The Application is based on evidence of institutional and procedural bias, infringement of natural justice, and on a denial of rights created under the Charter of Rights and Freedoms in that residents of rural Ontario are discriminated against as turbines will never, ever, be inflicted on urban communities. Evidence is by way of sworn affidavits. Currently some 15 have been prepared by different individuals dealing with various aspects of the allegations. By way of example, the GEA removes powers from Municipalities and takes no meaningful account of the impact on health, endangered species, or local economy, tourism or property and business values, and the affidavits address all these concerns and more.

The Application will eventually be heard by a panel of three Justices sitting in Ottawa. It challenges the GEA, the acts and omissions of the Ministry official who issued the REA, the Ministry permit to kill endangered species and the Ontario Energy Board’s cursory approval of the 28 kilometre long transmission line bisecting the County.

The JR has the potential to help protect all rural Ontario from the continued onslaught of these industrial machines.

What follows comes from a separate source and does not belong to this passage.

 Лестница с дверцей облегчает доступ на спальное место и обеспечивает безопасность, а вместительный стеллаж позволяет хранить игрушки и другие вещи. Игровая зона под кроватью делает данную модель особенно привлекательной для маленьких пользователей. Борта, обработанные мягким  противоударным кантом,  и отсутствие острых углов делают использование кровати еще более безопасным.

The main critical dates are as follows:
Oct 16, 2016:  Motions regarding wpd requesting party status, North Frontenac mayor as intervener, were presented.
Dec 30, 2016:  Alan’s arguments convinced the judge to deny WPD full participation in the case, but did grant them intervenor status with restrictions that limit their witnesses, evidence, and examination of witnesses, to the impact of the proceedings on their particular interests. Mayor Ron Higgins was not granted intervenor status but he will include an affidavit in the JR.
June 14, 15, 2017:  Our motion to protect CCSAGE from costs, and one to compel the government agencies to produce the records of their decisions regarding the approval of wpd White Pines and the transmission lines. A motion will be filed by OEB regarding their removal from the case.

CCSAGE argue this is a public interest case, as it potentially affects the over 100 municipalities that have declared themselves “not willing hosts” to turbines, so are asking for protection from cost awards – for both sides.

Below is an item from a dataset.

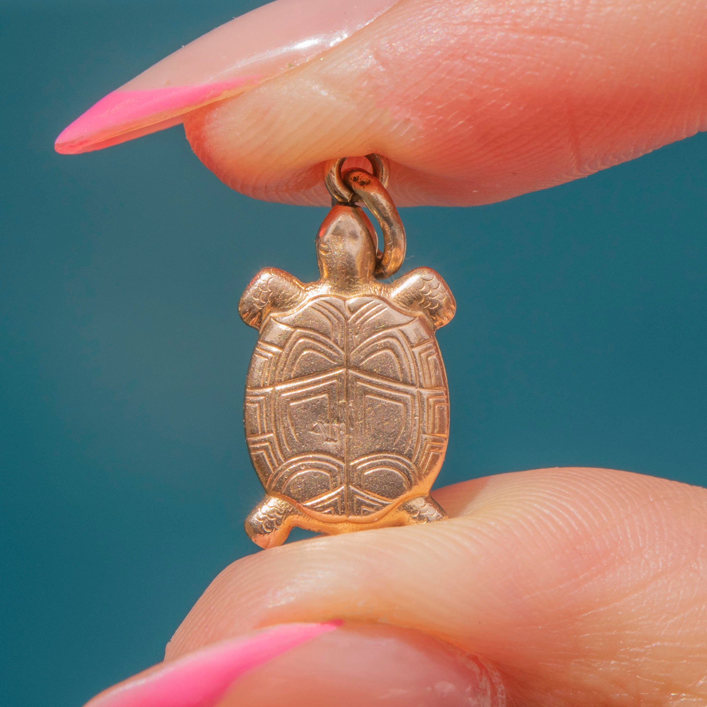 EXCELLENT: This antique 9ct Gold turtle charm is in brilliant condition. She has been crafted beautifully, with her engravings remaining crisp and detailed. There is some very light surface wear present but considering age, still remains in great condition. With a securely soldered jump ring, you can wear this antique charm with confidence!

Jan 9, 2018: The Court recognized all of our arguments but relied on the fact that we had not filed our complete set of affidavits to conclude that it was premature to decide the issues we had asked to be decided.   In addition, it was ruled that our request for a Record from the decision-makers was a “fishing expedition”. This even though there is no explanation as to the basis of the approval decisions. (We did not file a complete Record initially because the question of whether the Respondents had to file a Record first had not been determined, protective costs were being sought, and combining issues as we did would reduce court time.)
None of this prevents CCSAGE from filing a complete Record and proceeding with the JR.
CCSAGE has studied Justice Labrosse’s decisions and found them to contain numerous errors and misunderstandings. Consequently, we are appealing all the negative decisions to the Divisional court, in a Motion to Vary. To view both the Labrosse decision and our appeal, click to read the Motion to Vary and Labrosse Decision. We believe our arguments are sound.

Feb 7, 2018: WPD applied for costs from CCSAGENG, even though they are only intervenors (the requested Party status was not granted). CCSAGE responded with their own Cost Request.

June 12, 2018: JR record was served in Ottawa. It includes about 50 affidavits from across the province.